**YOUR OBJECTIVE:**
Nothing but text lines should be duplicated: start with the first line of the listing below and stop after the line holding "联邦法官推翻特朗普风电禁令,新能源政策再", omitting pictures.

**DATA FOR THIS TASK:**

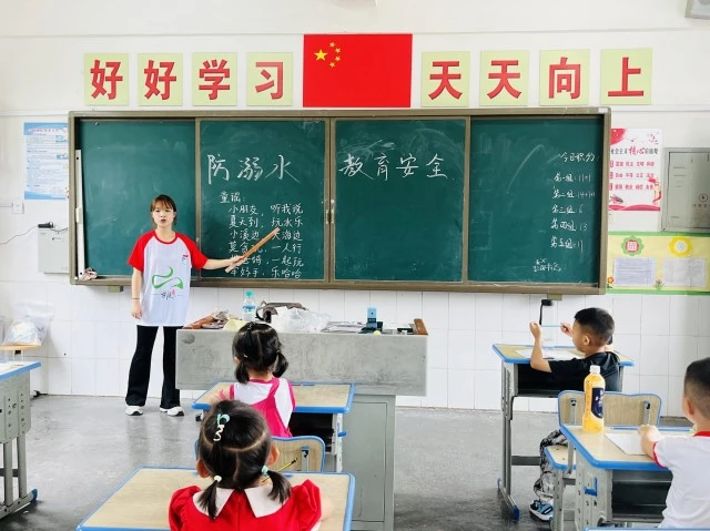 为了让孩子们更加深刻地记住防溺水知识,实践队的同学们还带来了防溺水之歌的表演教学。通过歌曲这种富有节奏感和韵律感的形式,帮助孩子们更轻松、更牢固地记住防溺水的关键知识和保护措施,让防溺水知识更加深入人心,激发孩子们主动学习和关注防溺水知识的积极性。在学习展示环节,孩子们纷纷上台展示自己所学的防溺水之歌,他们自信的笑容和熟练的唱词,充分展示了此次宣传活动的成效。
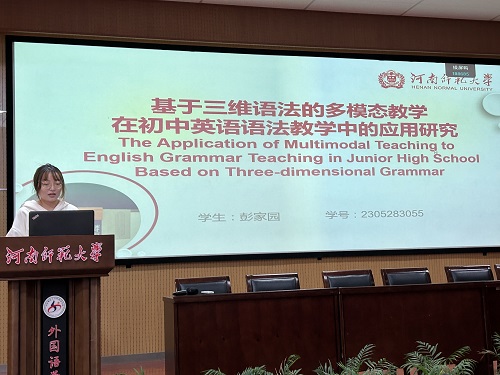 彭家园同学以《基于三维语法的多模态教学在初中英语语法教学中的应用研究》为题,分享了三维语法与多模态教学相结合的教学模式在提升初中生英语语法能力方面的显著效果。她指出,通过整合视觉、听觉等多种感官模态,可以创造丰富的学习环境,激发学生的学习兴趣,并促进语法知识的深入理解与应用。彭家园同学的研究强调了在语法教学中融入真实语境的重要性,并提出了具体的教学策略,包括设计多模态教学活动、利用多媒体资源和促进学生互动等。
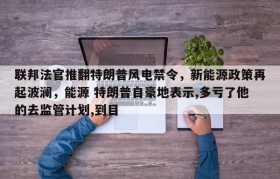 联邦法官推翻特朗普风电禁令,新能源政策再起波澜,能源 特朗普自豪地表示,多亏了他的去监管计划,到目
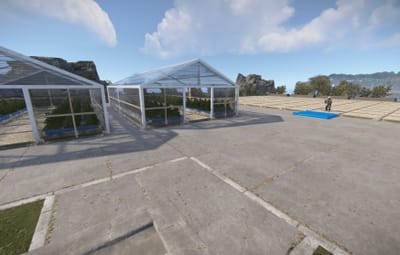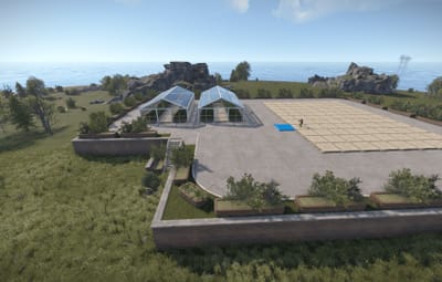 Two elegant glass structures on a raised platform — ideal for farms or base clusters.
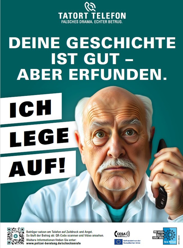 Seien Sie skeptisch, wenn Sie Anrufe oder Nachrichten von unbekannten Nummern erhalten, in denen Sie nach Bankdaten, Geld oder Schmuck gefragt werden. Legen Sie einfach auf und machen Sie keine Angaben zu Ihren persönlichen Daten oder Ihrem Vermögen! Geben Sie unter keinen Umständen Ihre Bankdaten oder auch Ihre Girocard an Dritte heraus. Rufen Sie die echte Polizei in einem eigenständigen Telefonat von Ihrem Festnetztelefon unter der 110 an!
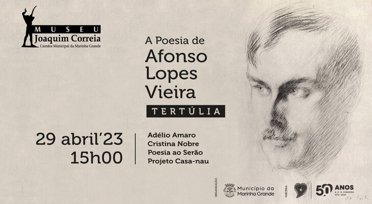 O Museu Joaquim Correia realiza a Tertúlia “A poesia de Afonso Lopes Vieira”, no próximo sábado, 29 de abril de 2023, pelas 15h00, numa organização do Município da Marinha Grande e da Associação Cultural e Recreativa da Comeira, cuja entrada é gratuita.
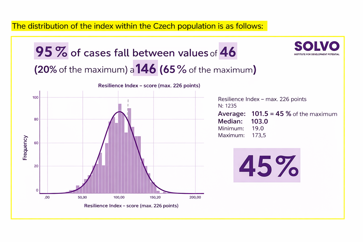 In recent years, increasing attention has been paid to the concept of resilience — the capacity to withstand stress, adapt to change, and maintain long-term functioning under conditions of uncertainty. We observe that resilience constitutes a unifying framework across many of the domains addressed by the Solvo Institute. This recognition led to the development of the Individual Resilience Index, the first comprehensive research initiative of its kind in the Czech Republic. The Index assesses resilience across eight distinct dimensions and identifies factors that strengthen or undermine resilience not only within Czech society (the research was conducted in multiple countries), including physical and mental health, value orientations, social ties, economic conditions, and adaptive capacity. The findings of this research are employed not only to enhance understanding of contemporary challenges, but also to inform public debate and support the development of solutions with tangible societal impact.
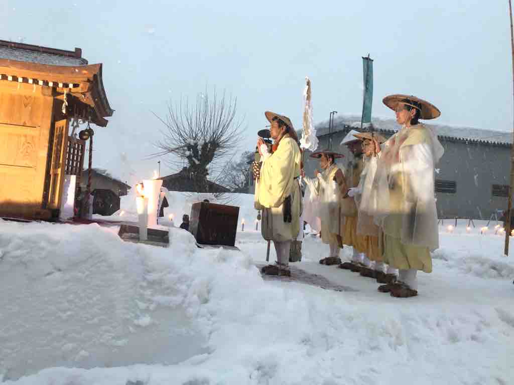 塩沢雪譜まつりでは、歌舞伎が行われる会場の外では、八海山から降りてきた山伏によるお焚き上げや、かまくらをつくって行われる地元のお酒やお餅の振る舞い、地域の方々による雪の中での市、商店街の各店舗で開催される雛人形の展示など、見所の多いまつりとなっています。
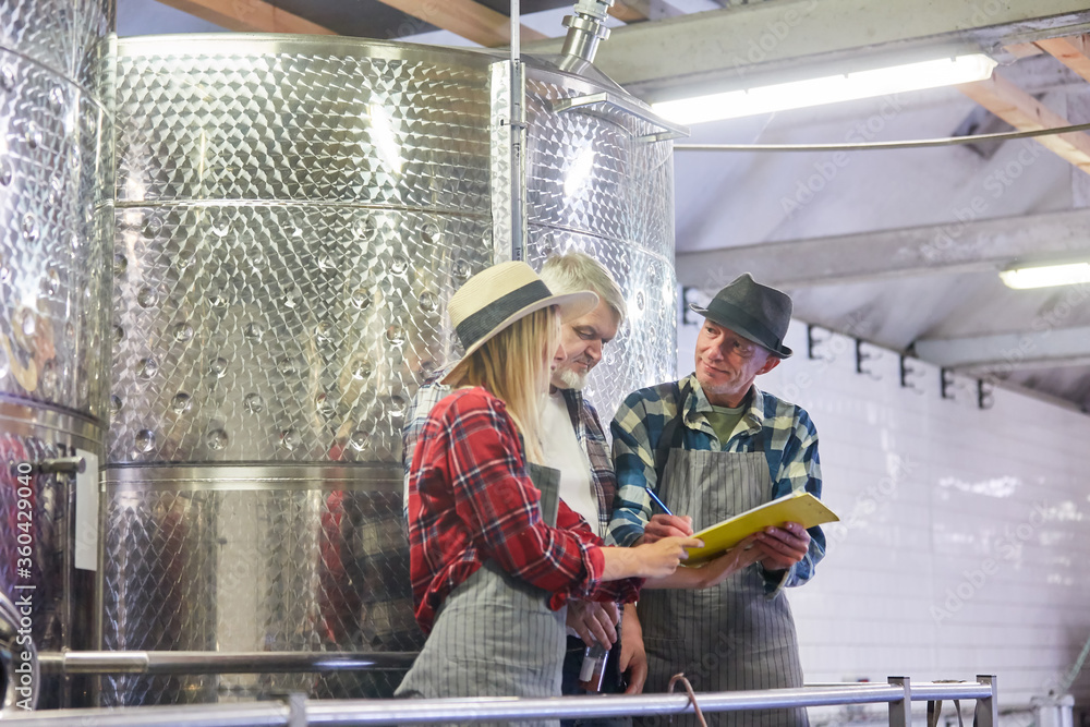 Tableau sur toile Winemaker and team with checklist in the wine cellar
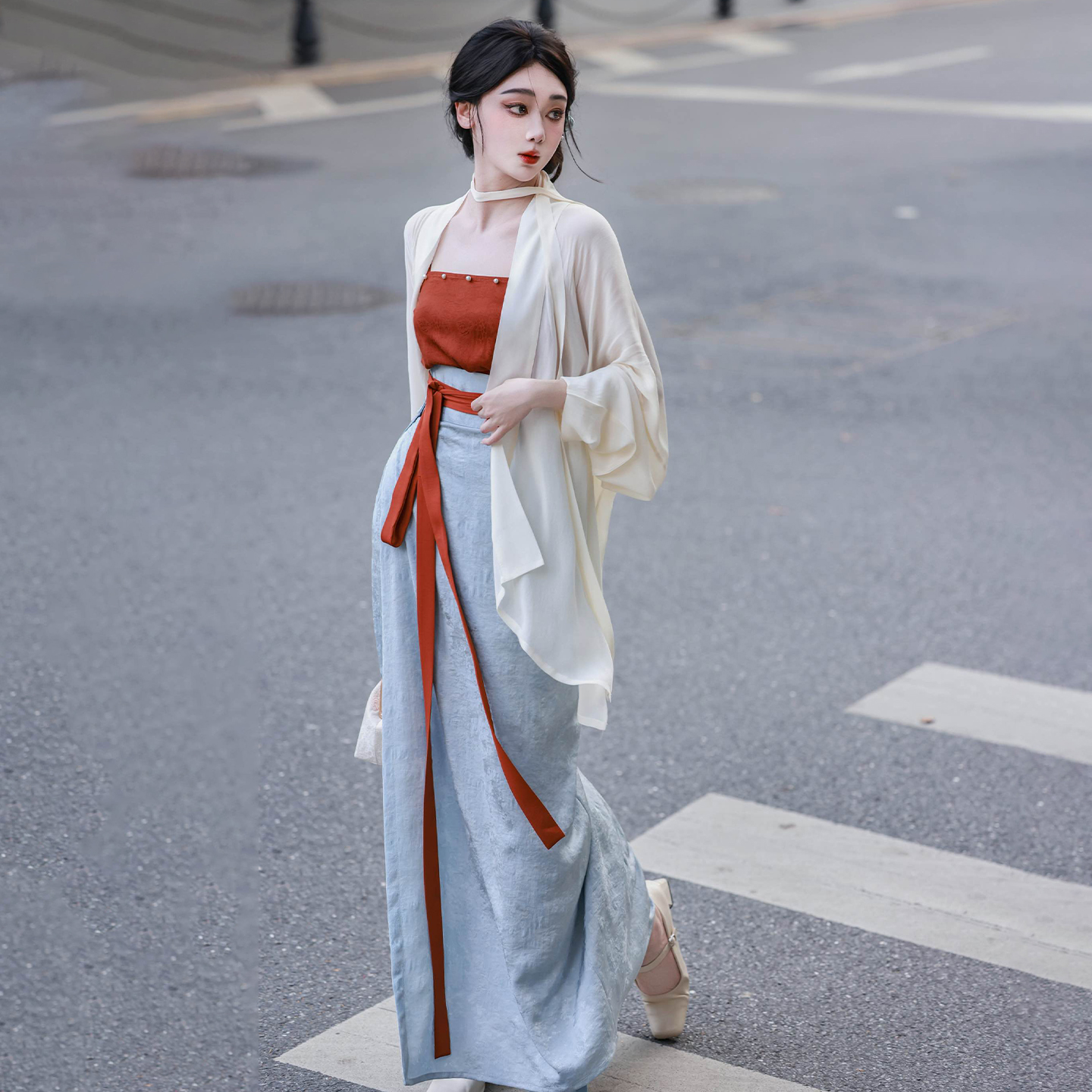 拟梦等烟雨 撞色高品质通勤人丝提花钉珠 原创汉服宋制旋裙飞机袖
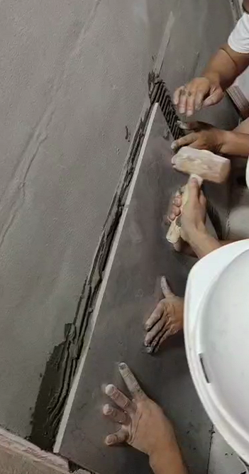 (1)工藝先進(jìn)。瓷磚膠具有良好的保水能力,施工時(shí)間,瓷磚和基底都不必預(yù)先浸泡或者潤濕。如果使用足夠的添加劑并且配比正確,在未固結(jié)的瓷磚膠上的瓷磚也不會(huì)滑動(dòng)。這樣,就不需要再在瓷磚之間插入定位器,并且貼磚也可以自上方向下方進(jìn)行施工,施工的效率及施工質(zhì)量得以大幅提高。
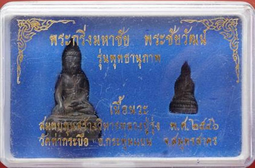 1200.-พระกริ่งมหาชัย+พระชัยวัฒน์ หลวงพ่อรุ่งวัดท่ากระบือ จ.สมุทรสาคร ปี 46 เลข677 เนื้อนวะพร้อมกล่อง
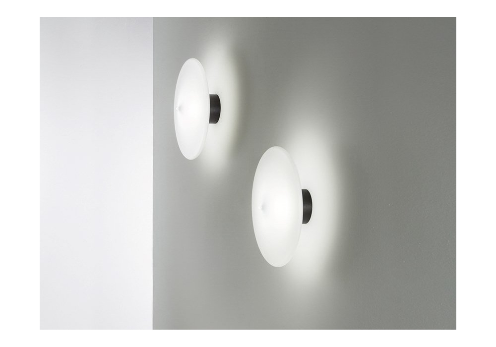 Desideria designed by Domenico Rinaldi for Fisionarte is a wall or ceiling lamp with metal structure in different finishes. The lampshade is in borosilicate glass in an opaque or transparent finish and shields a dimmable LED light source.
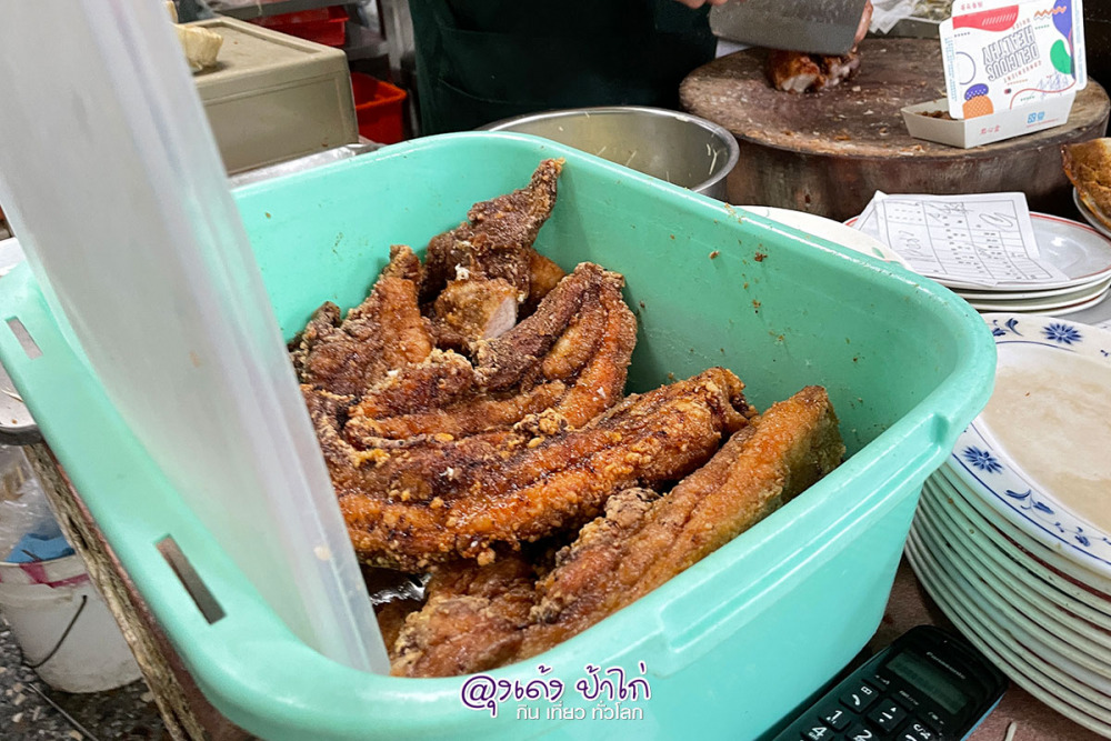 ถังใส่หมูกรอบ หนึ่งในเมนูขายดีของทางร้าน
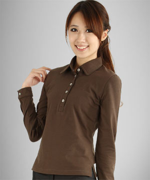 Girl萊卡★精緻排扣POLO-長 (拿鐵咖啡 )
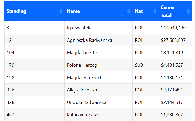 Na 198. miejscu jest Magdalena Fręch – 4 130 131 dolarów, a na 326. i 328. Alicja Rosolska i Urszula Radwańska, kolejno z zarobkami rzędu 2 171 491 i 2 144 517 dolarów. Natomiast na 457. znajduje się Katarzyna Kawa z kwotą 1 330 867 dolarów.
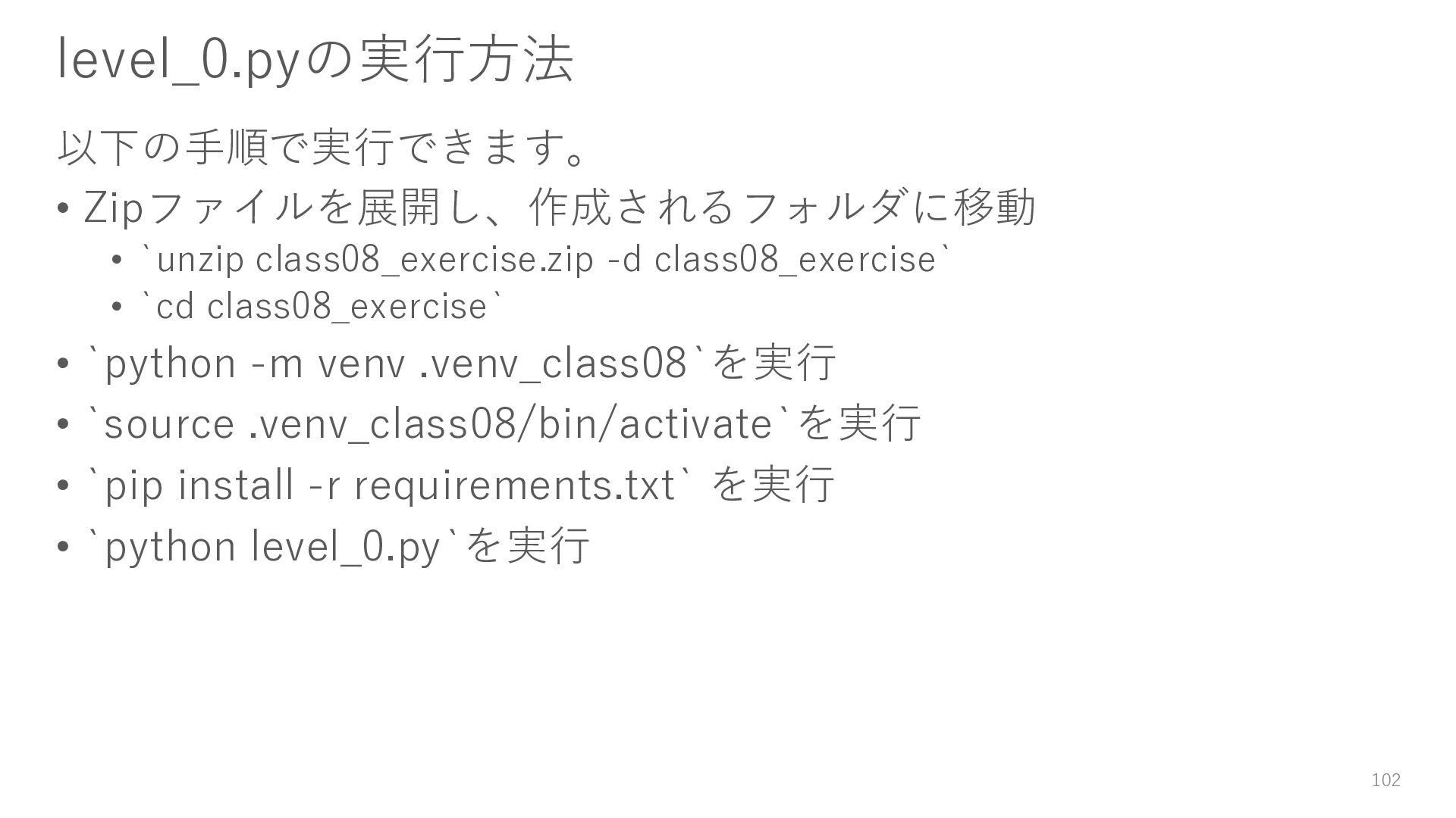 23. level_0.pyの実行方法 以下の手順で実行できます。 • Zipファイルを展開し、作成されるフォルダに移動 • `unzip class08_exercise.zip -d class08_exercise` •
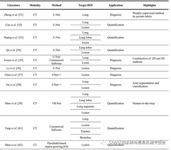 此環(huán)節(jié)的作用在于,對(duì)疑似患者肺部區(qū)域拍攝而得到的圖像進(jìn)行預(yù)處理,以提供后續(xù)操作。實(shí)施層面,此環(huán)節(jié)包含兩部分工作:肺部區(qū)域劃分和損傷區(qū)域。表1是一些圖像劃分在COVID-19應(yīng)用中的研究匯總。

**SOLUTION TO THIS TASK:**
 为了让孩子们更加深刻地记住防溺水知识,实践队的同学们还带来了防溺水之歌的表演教学。通过歌曲这种富有节奏感和韵律感的形式,帮助孩子们更轻松、更牢固地记住防溺水的关键知识和保护措施,让防溺水知识更加深入人心,激发孩子们主动学习和关注防溺水知识的积极性。在学习展示环节,孩子们纷纷上台展示自己所学的防溺水之歌,他们自信的笑容和熟练的唱词,充分展示了此次宣传活动的成效。
 彭家园同学以《基于三维语法的多模态教学在初中英语语法教学中的应用研究》为题,分享了三维语法与多模态教学相结合的教学模式在提升初中生英语语法能力方面的显著效果。她指出,通过整合视觉、听觉等多种感官模态,可以创造丰富的学习环境,激发学生的学习兴趣,并促进语法知识的深入理解与应用。彭家园同学的研究强调了在语法教学中融入真实语境的重要性,并提出了具体的教学策略,包括设计多模态教学活动、利用多媒体资源和促进学生互动等。
 联邦法官推翻特朗普风电禁令,新能源政策再起波澜,能源 特朗普自豪地表示,多亏了他的去监管计划,到目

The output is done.